A "reasonable" person would not be ignorant. On a subsequent thread Orin dragged out case law (involving Canada) that backs my general position.

As for the NSA, suffice it to say that most are not listed officially as NSA but rather as military members in their respective branches. I was one such.

-Polaris
1.1.2006 11:34pm
Noah Klein (mail):
Polaris:

Thanks for the clarification on the aspect of the listing of personnel of the NSA. I found when I went to the Air Intelligence Agency website and the website for Elmendorf Air Force Base that to discover the personnel of those agencies would require calling a number that listed and paying a $3.50 fee. I am not so interested in your identity that I will expend that much effort or funds, but if someone else will that is there option.

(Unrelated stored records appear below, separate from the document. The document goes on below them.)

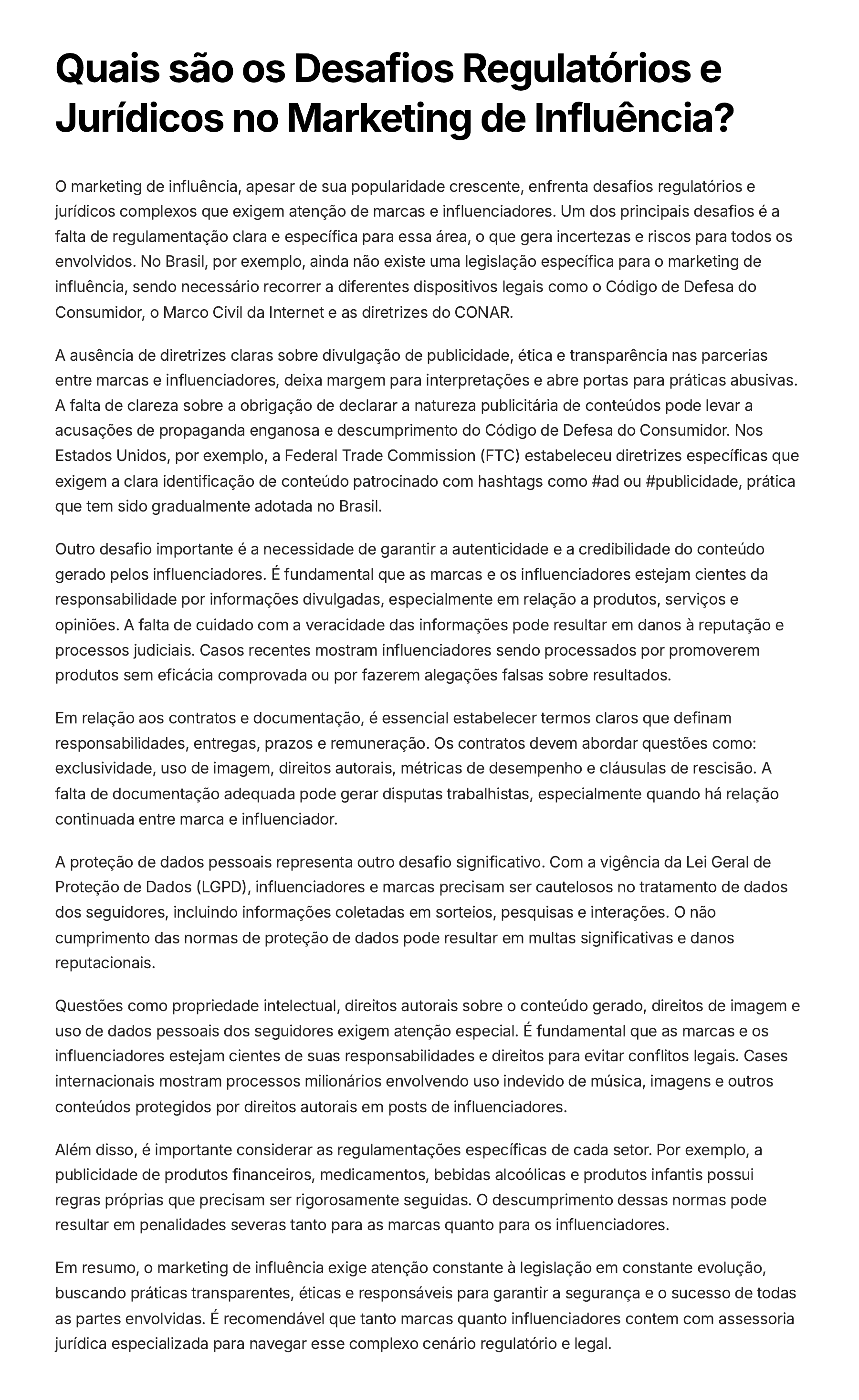 Quais são os Desafios Regulatórios e Jurídicos no Marketing de Influência? O marketing de influência, apesar de sua popularidade crescente, enfrenta desafios regulatórios e jurídicos complexos que exigem atenção de marcas e influenciadores. Um dos principais desafios é a falta de regulamentação clara e específica para essa área, o que gera incertezas e riscos para todos os envolvidos. No Brasil, por exemplo, ainda não existe uma legislação específica para o marketing de influência, sendo necessário recorrer a diferentes dispositivos legais como o Código de Defesa do Consumidor, o Marco Civil da Internet e as diretrizes do CONAR. A ausência de diretrizes claras sobre divulgação de publicidade, ética e transparência nas parcerias entre marcas e influenciadores, deixa margem para interpretações e abre portas para práticas abusivas. A falta de clareza sobre a obrigação de declarar a natureza publicitária de conteúdos pode levar a acusações de propaganda enganosa e descumprimento do Código de Defesa do Consumidor. Nos Estados Unidos, por exemplo, a Federal Trade Commission (FTC) estabeleceu diretrizes específicas que exigem a clara identificação de conteúdo patrocinado com hashtags como #ad ou #publicidade, prática que tem sido gradualmente adotada no Brasil. Outro desafio importante é a necessidade de garantir a autenticidade e a credibilidade do conteúdo gerado pelos influenciadores. É fundamental que as marcas e os influenciadores estejam cientes da responsabilidade por informações divulgadas, especialmente em relação a produtos, serviços e opiniões. A falta de cuidado com a veracidade das informações pode resultar em danos à reputação e processos judiciais. Casos recentes mostram influenciadores sendo processados por promoverem produtos sem eficácia comprovada ou por fazerem alegações falsas sobre resultados. Em relação aos contratos e documentação, é essencial estabelecer termos claros que definam responsabilidades, entregas, prazos e remuneração. Os contratos devem abordar questões como: exclusividade, uso de imagem, direitos autorais, métricas de desempenho e cláusulas de rescisão. A falta de documentação adequada pode gerar disputas trabalhistas, especialmente quando há relação continuada entre marca e influenciador. A proteção de dados pessoais representa outro desafio significativo. Com a vigência da Lei Geral de Proteção de Dados (LGPD), influenciadores e marcas precisam ser cautelosos no tratamento de dados dos seguidores, incluindo informações coletadas em sorteios, pesquisas e interações. O não cumprimento das normas de proteção de dados pode resultar em multas significativas e danos reputacionais. Questões como propriedade intelectual, direitos autorais sobre o conteúdo gerado, direitos de imagem e uso de dados pessoais dos seguidores exigem atenção especial. É fundamental que as marcas e os influenciadores estejam cientes de suas responsabilidades e direitos para evitar conflitos legais. Cases internacionais mostram processos milionários envolvendo uso indevido de música, imagens e outros conteúdos protegidos por direitos autorais em posts de influenciadores. Além disso, é importante considerar as regulamentações específicas de cada setor. Por exemplo, a publicidade de produtos financeiros, medicamentos, bebidas alcoólicas e produtos infantis possui regras próprias que precisam ser rigorosamente seguidas. O descumprimento dessas normas pode resultar em penalidades severas tanto para as marcas quanto para os influenciadores. Em resumo, o marketing de influência exige atenção constante à legislação em constante evolução, buscando práticas transparentes, éticas e responsáveis para garantir a segurança e o sucesso de todas as partes envolvidas. É recomendável que tanto marcas quanto influenciadores contem com assessoria jurídica especializada para navegar esse complexo cenário regulatório e legal.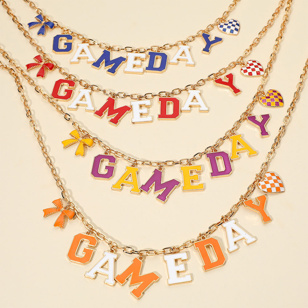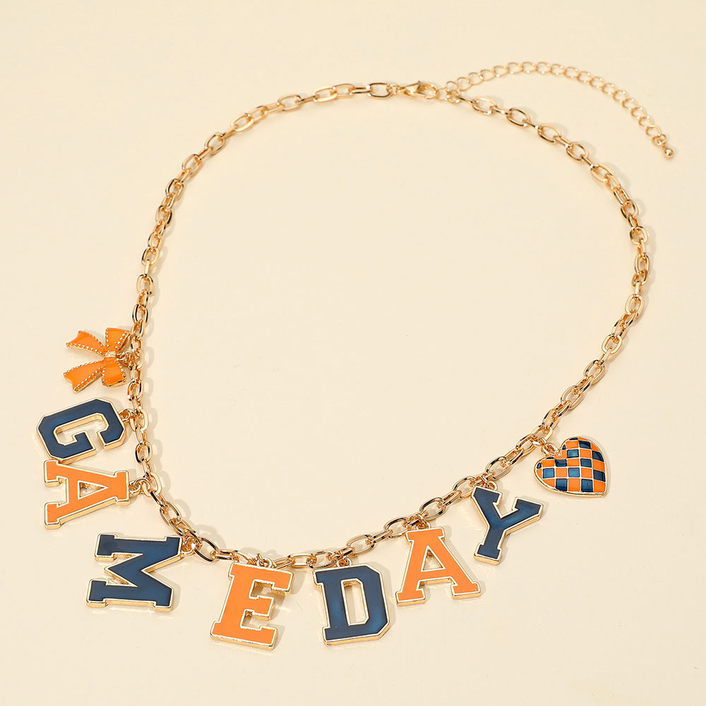• Celebrate your team spirit with this game day necklace featuring bold letter charms and playful accent pieces. A perfect accessory to complete your spirited outfit for sporting events, tailgates, or fan gatherings.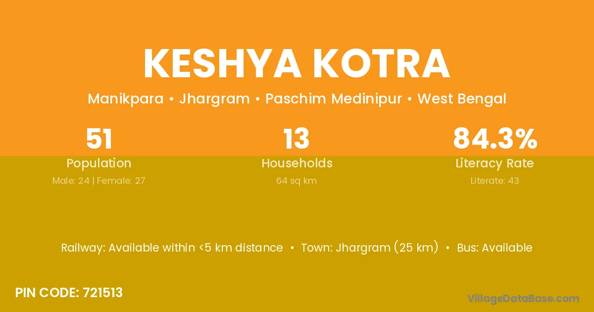 Jhargram (25 km) is the nearest town to Keshya Kotra village for major economic activities and is located approximately 25 km away.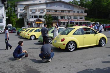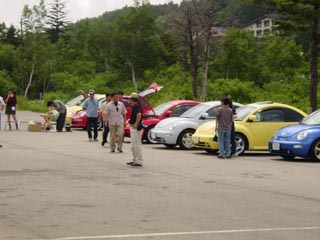 走行班が戻ってきて、一の瀬駐車場に整列していましたところ、ニュービートルな皆さんが、続々とやってまいりました。

Furthermore, Polaris could you please direct me in some way to that thread that I may read for myself what Professor Kerr says about the "reasonable man."

Noah
1.1.2006 11:46pm
John Lederer (mail):
A suggestion that NSA may be tapping submarine cables at sea.
The second message has a 2001 WSJ article on the subject.
http://cryptome.org/nsa-fibertap.htm
1.2.2006 12:15am
davidgmills (mail):
The Professor, points to a curious quote by Turner for the propsition that Congress has not needed to formally declare war since 1801. Here's what Turner said:

The Supreme Court held in 1800 (Bas v. Tingy), and again in 1801 (Talbot v. Seamen), that Congress could formally authorize war by joint resolution without passing a formal declaration of war.

Talbot was a law of nations case. In Talbot, the US had seized a French ship that was armed and beleived to be hostile to the US. Here's what the Supreme court said:

"It is true that a violation of the law of nations by one power does not justify its violation by another; but that remonstrance is the proper course to be pursued, and this is the course which has been pursued. America did remonstrate, most earnestly remonstrate to France against the injuries committed on her; but remonstrance having failed, she appealed to a higher tribunal, and authorised limited hostilities. This was not violating the law of nations, but conforming to it. In the course of these limited hostilities the Amelia has been recaptured, and the inquiry now is, not whether the conduct of France would justify a departure from the law of nations, but what is the real law in the case."

Under the Law of nations, when acting defensively, a formal declaration of war was not deemed necessary. Here's the section from Book III.

§ 57. Defensive war requires no declarations.
He who is attacked and only wages defensive war, needs not to make any hostile declaration, — the state of warfare being sufficiently ascertained by the enemy's declaration, or open hostilities.

So by early case law, the clause in the Constitution which allows for the declaration of war by Congress has also been interpreted pursuant to the Law of Nations on that issue even on the issue of whether a formal declaration is necessary.